Delicious chicken gizzards are prepared as follows:

  1. First of all, all small navels must be thoroughly rinsed under the tap and cleared of film. If this is not done, they will taste bitter when ready-made. It is much easier to remove the top film after washing if you first place the stomachs in boiling water for 3–5 minutes.
  2. Each navel is cut horizontally along its length into 2 pieces (cut with a knife only once). The large pieces left look more like meat.
  3. The frying pan is poured with sunflower oil and placed on low heat. When the oil is well heated, all the navels are thrown into the frying pan. Here they will simmer for about 15 minutes, stirring the navels from time to time so that they do not burn and fry evenly.
  4. While the main ingredient is frying, cut the onion into a quarter of a ring, after about 5 minutes. After the gizzards start frying, add them to the frying pan. Immediately salt and pepper it all.
  5. The onion is softened, and we begin to chop all the other ingredients.
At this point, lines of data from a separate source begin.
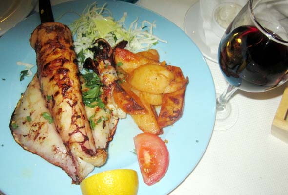 Tilasimme vihreää salaattia ja grillattua mustekalaa.  Annos oli valtava.  Jussi vetosi päivällä syömiinsä lihapulliin ja antoi minun selviytyä suurimmista lonkeroista.  Täällä joka ikinen ruokapaikka on tarjonnut ilmaisen jälkiruuan.  Olemme saaneet hedelmiä, suklaakakkua jäätelön kera, baklavaa ja tänään herkullista vaniljavanukasta hapankirsikoiden kera.  Hotellille päästyämme Jussi tarjoili meille yömyssyksi ouzot.  Rantaelämä on mukavaa.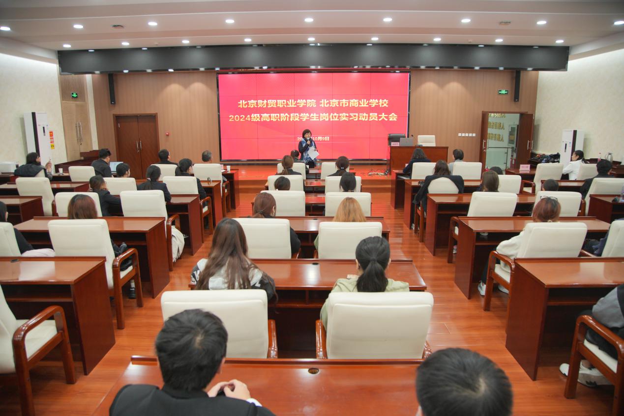 为深入贯彻《职业学校学生实习管理规定》,全面落实“高质量实习促进高质量就业”的总体要求,10月9日上午,北京市商业学校2024级高职阶段学生岗位实习动员大会在学术报告厅举行。校长助理蒋舒雅,财会经济系、商贸信息系、学生处、招生与合作处相关负责人,大数据与会计、电子商务专业全体高职段学生及辅导员齐聚一堂 ,共同吹响实习“集结号”。 会议邀请北京财贸职业学院教务处副处长赵晓燕作专题宣讲。赵处长以“毕业生岗位实习课程”为题,围绕“什么是岗位实习、实习课程的特殊性、实习任务清单及工学云平台操作”四大模块展开系统解读。她强调,岗位实习是人才培养方案中“学分最高、周期最长、与就业衔接最紧”的必修课程,既是检验四年学习成效的“试金石”,更是直通职场的“加速器”。赵处长提醒同学们严守实习纪律,在指导教师与企业导师“双导师”引领下,按时高质完成各项任务,为毕业即上岗奠定扎实基础。 活动最后,赵处长深情寄语全体同学:愿大家在未来的职业道路上坚定前行,勇拓新程,以实际行动书写属于自己的精彩篇章。 此次动员大会精准发力、靶向施策,为学生即将开启的实习之旅锚定方向、注入动能。下一步,学校将持续完善“实习-就业”一体化服务体系,推动校企协同育人再上新台阶,助力商校学子高质量充分就业。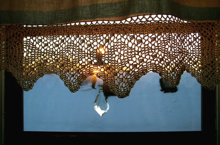 It snowed again last night, and the roof is all white. A crystal shaped like a drop hangs against the window pane, just below the curtain. It mirrors patches of light and patches of shadows. The sun is rising just above the roof.
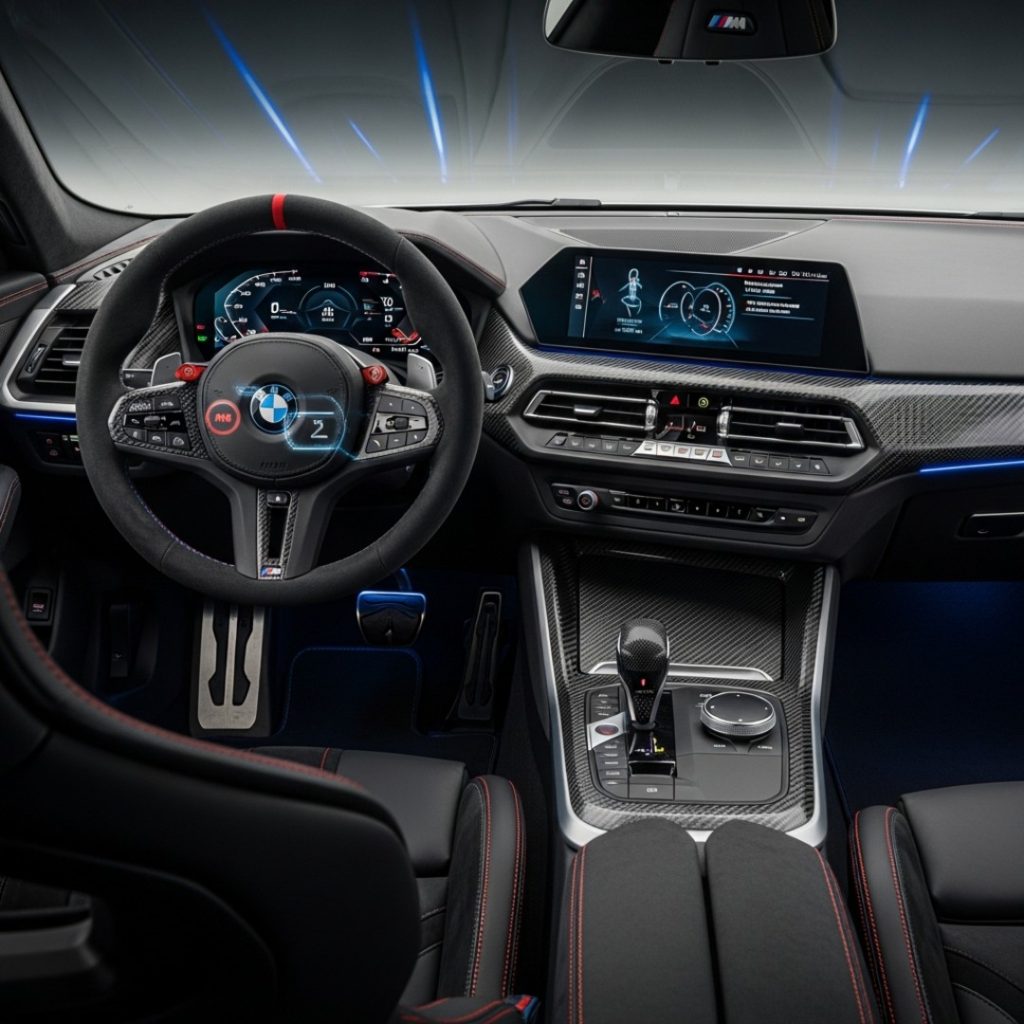 - Features: * M-Specific HUD: Projecting lap times and G-force meters on the windshield.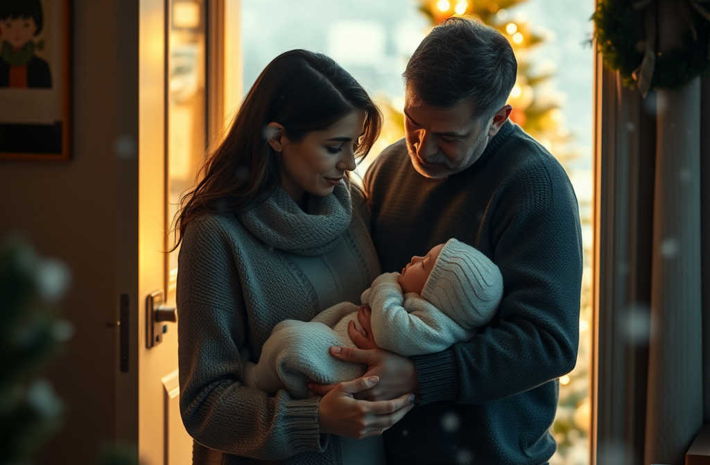 Мария отстраняется: не прогонять же с младенцем сразу! Он протискивается в открытый дом, они идут в спальню, где муж кладёт спящего малыша на кровать.
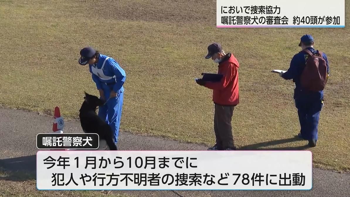 犯人や行方不明者の捜索にあたる嘱託警察犬の審査会が宮崎市で開かれた。約40頭が参加し、足跡追及審査などで日ごろの訓練成果を発揮した。県警によると、2025年1月から10月までに、嘱託警察犬は78件の出動があったという。合格すると2026年4月からの1年間、県民の安全のために活躍する。
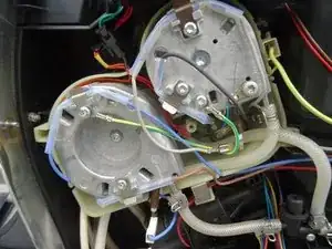 Снимите крышку. Становятся видны два мгновенных водонагревателя.
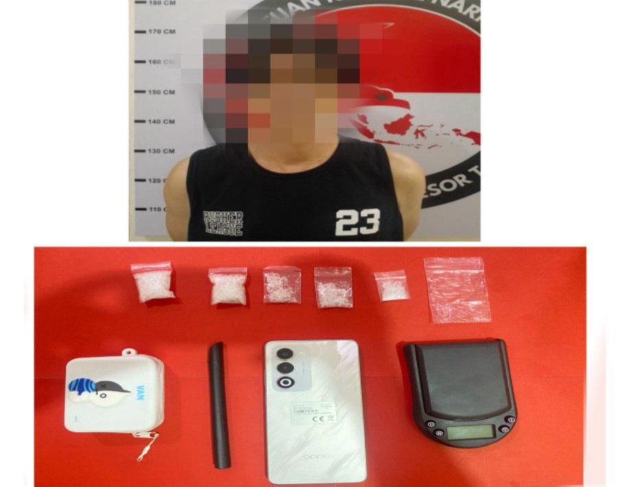 “Saat dilakukan penggeledahan, ditemukan beberapa paket sabu yang disembunyikan di dalam kamar tersangka. DY langsung kami amankan bersama barang bukti,” ujar Iptu Anang.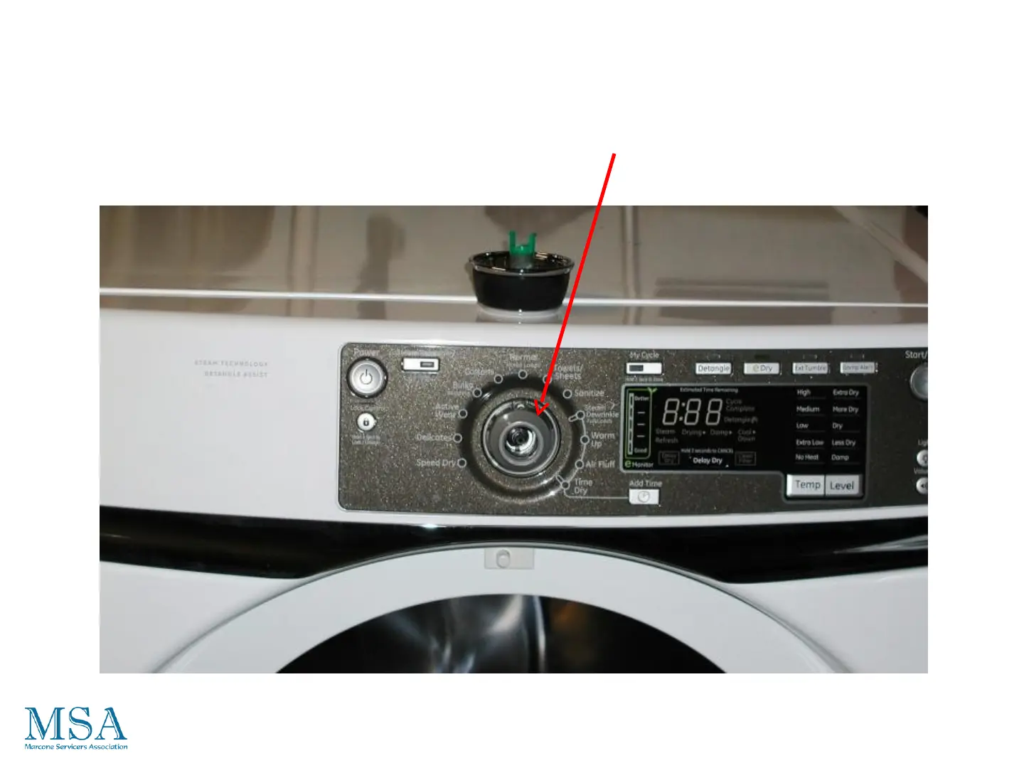 Remove the cycle selector knob retainer by pulling it forward.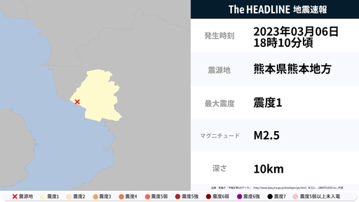 3月6日18時10分頃、熊本県で最大震度1の地震を観測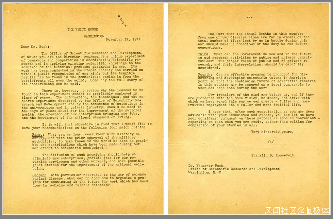 1944年11月,美國總統羅斯福給時任戰時科學研究與發展局的局長萬瓦尼爾·布什寫信,要求他對“如何把戰時的科學技術經驗應用到和平時期”這一問題給出建議。在信中,羅斯福提到“在我們面前需要一個用聰明才智開拓的新邊疆(New frontiers of the mind)”。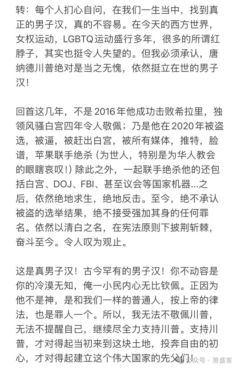 他发的X文:我越来越担心我们国家的大方向、我们破碎的移民系统、不断膨胀的赤字和外交政策失误等问题。 因此,在即将到来的选举中,我将支持前总统川普。
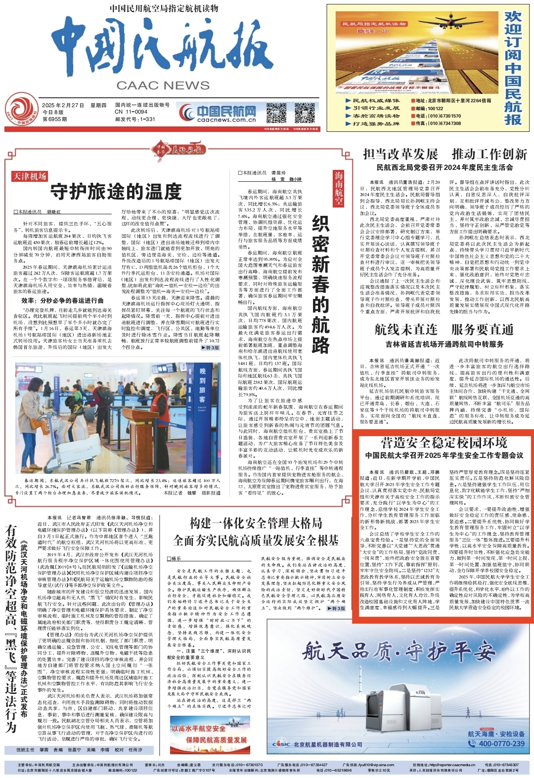2025年02月27日 《中国民航报》头版: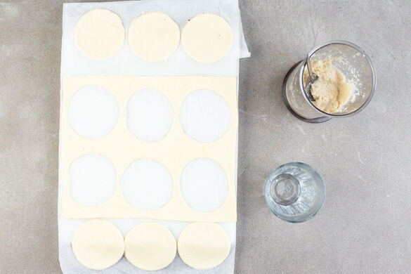 Den Teig samt Papier auf einem Backblech ausrollen. Mit einem Glas oder einer Plätzchenform 6 Kreise von ca. 8cm Durchmesser ausstechen und die Mandelcreme darauf verstreichen. Jeweils 3 Teigkreise übereinanderstapeln und die 2 Törtchen neben den Birnen im Ofen in 15–17Min. knusprig backen, dabei darauf achten, dass die Mandelcreme nicht verbrennt.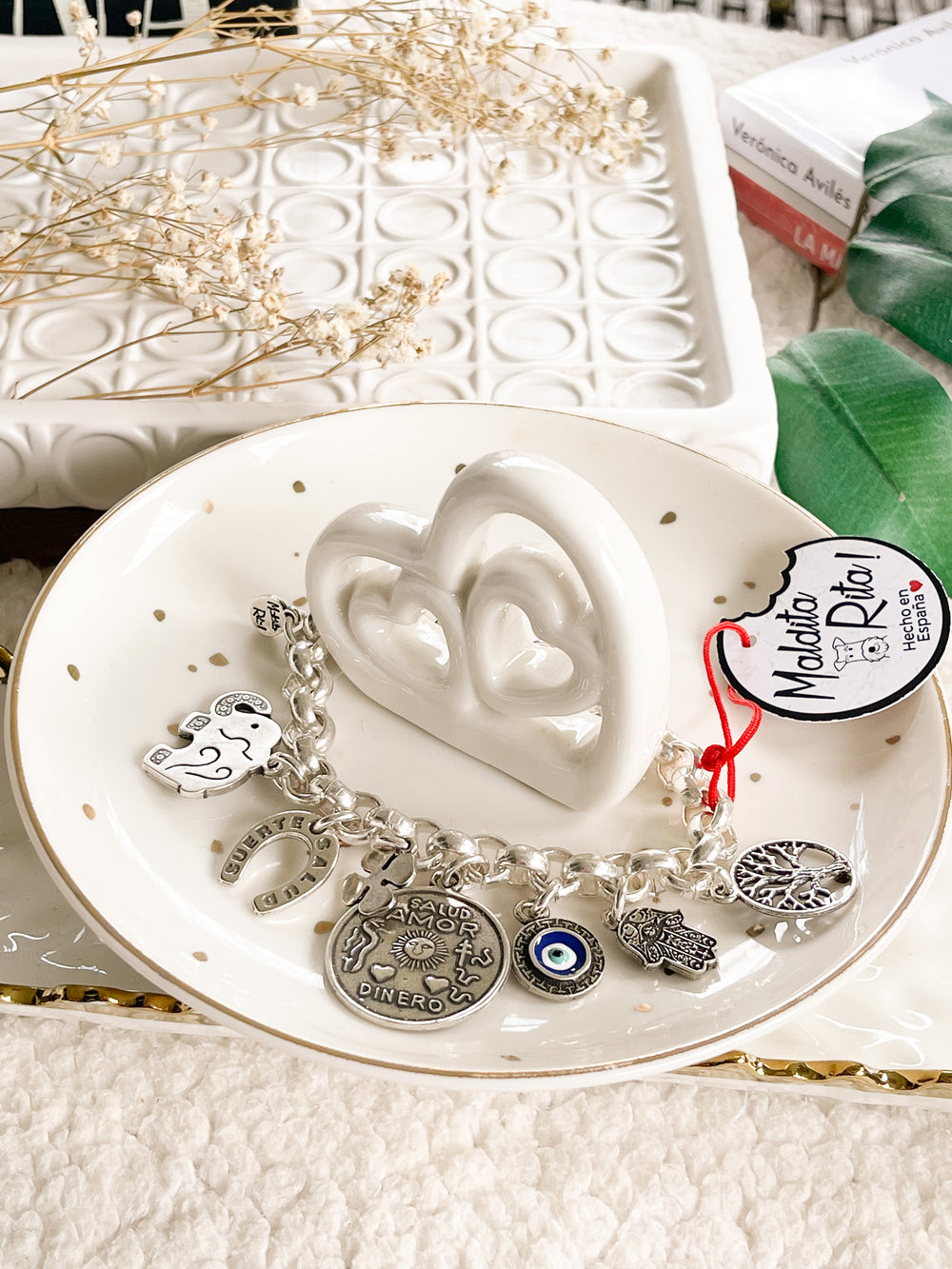 This is a handmade bracelet crafted in Spain from zamak, available in both gold-plated and non-gold-plated finishes. It features various Spanish traditional charms symbolizing luck, such as the third eye (tercer ojo), tree of life, elephant, and the clover leaf, among others. Each bracelet is unique due to its handcrafted nature.

Finely chop the greens and garlic, grate the cheese on a fine grater.
  6. 15 minutes should have passed here already. time after the start of frying the navels. We taste them, it should already be tasty, but the chicken has apparently already become softer. If this is the case, add all the crushed ingredients to the frying pan and pour sour cream over them.
  7. Now the dish needs to be stirred all the time and simmered over low heat until the sour cream begins to boil, which will take another 10–12 minutes.

After this time, the chicken navels in sour cream are ready. Anything will suit our delicacy as a side dish, be it potato fillet, rice, buckwheat or a stew of stewed vegetables. Although eating our stomachs with sourness is no less tasty, simply eating them with bread. An important point: when purchasing navels, make sure that their sales period does not exceed 2 days. Fresh ventricles are always monochromatic, without admixtures of uncharacteristic colors or mucus. Before purchasing, it is better to look at photos of the “correct” stomachs, so as not to endanger your family.